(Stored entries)

=== Section Start ===

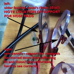 BIG PROBLEM! Reordered these glasses because the pair from 2016 have peeling at the bottom edge of the lenses. UNFORTUNATELY the fit is different, even after adjustments for comfort - the nose pads are in a different location in the new pair - so cannot see well, and can't make them comfortable. THE SUPPORT FOR THE NOSEPADS ON THE NEW PAIR IS 4MM LOWER THAN THE SUPPORTS ON MY ORIGINAL PAIR. WHAT NOW????? help.
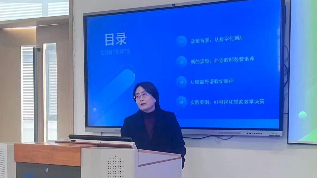 李鲜花老师以《AI+生态教育场景建设》为题,展示了如何运用AI技术构建连贯、沉浸的语言学习环境,实现不同学段学生在语言能力上的自然过渡与深度融合。李茜老师在《智绘诗境:智慧课堂中的英语诗歌教学》中,生动演绎了智慧课堂工具如何将诗歌教学转化为可感知、可共创的审美过程,推动教学从知识传递向素养培育的跨越。李然老师聚焦《教学测评革新:AI可视化辅助教师决策》,通过数据看板呈现AI在学情诊断与教学干预中的实际应用,助力教师实现从“经验驱动”到“数据驱动”的科学决策。张晓辉老师从《国际视野下基础学段课语融合教师培养》出发,强调在全球化语境中提升教师跨文化融合能力的迫切性,为构建贯通型师资队伍提供了理论支撑与发展路径。
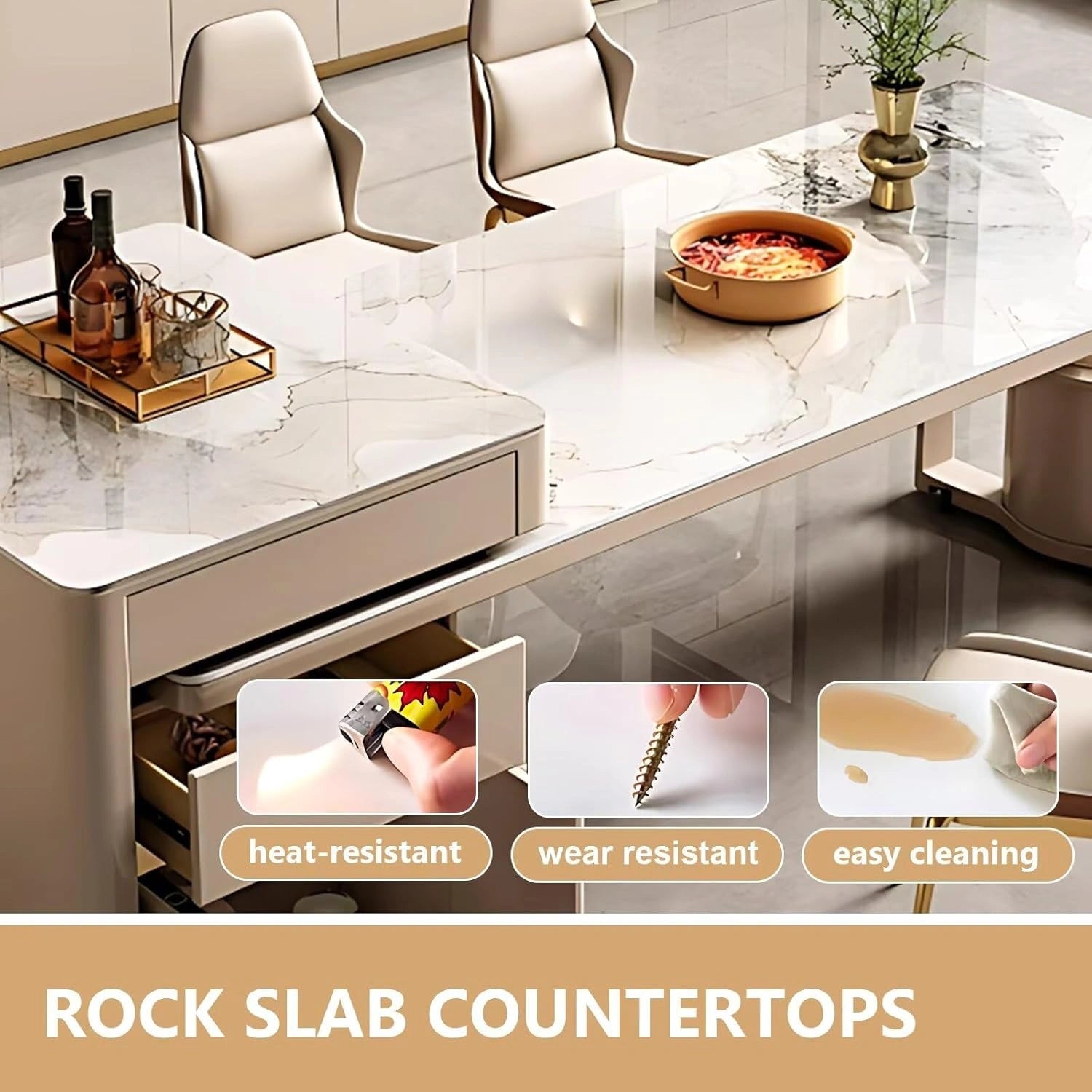 Sturdy and Long-lasting Material: The tabletop and island countertop are made of high‑hardness, deformation‑resistant slate, ensuring strength and durability. The cabinet is constructed from solid, long‑lasting wood.
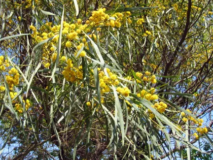 Acacia retinodes ‘Glauca’ : avec des phyllodes plus courtes, au bout arrondi, et une saison de floraison concentrée en avril/mai.
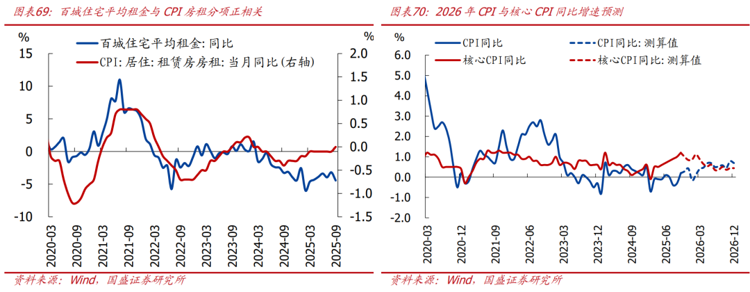 接着分析核心CPI:CPI房租分项与百城住宅平均租金显著正相关,近一年来百城住宅平均租金同比下跌4%左右,假设2026年以同等幅度下跌,则预计带动CPI房租分项下跌0.3%左右。其余多数分项环比有一定的季节性规律,因此可在季节性均值的基础上做调整:如家用器具、通信工具等受以旧换新政策影响,价格可能略强于季节性。计算得,2026年核心CPI同比中枢约为0.6%左右,与2025年基本持平。

=== Section End ===

- WHAT THE EXERCISE ASKS
A word-for-word copy is needed of the lines from the line holding "Sturdy and Long-lasting" through the end of the records, both included, excluding every picture.

- YOUR SOLUTION
 Sturdy and Long-lasting Material: The tabletop and island countertop are made of high‑hardness, deformation‑resistant slate, ensuring strength and durability. The cabinet is constructed from solid, long‑lasting wood.
 Acacia retinodes ‘Glauca’ : avec des phyllodes plus courtes, au bout arrondi, et une saison de floraison concentrée en avril/mai.
 接着分析核心CPI:CPI房租分项与百城住宅平均租金显著正相关,近一年来百城住宅平均租金同比下跌4%左右,假设2026年以同等幅度下跌,则预计带动CPI房租分项下跌0.3%左右。其余多数分项环比有一定的季节性规律,因此可在季节性均值的基础上做调整:如家用器具、通信工具等受以旧换新政策影响,价格可能略强于季节性。计算得,2026年核心CPI同比中枢约为0.6%左右,与2025年基本持平。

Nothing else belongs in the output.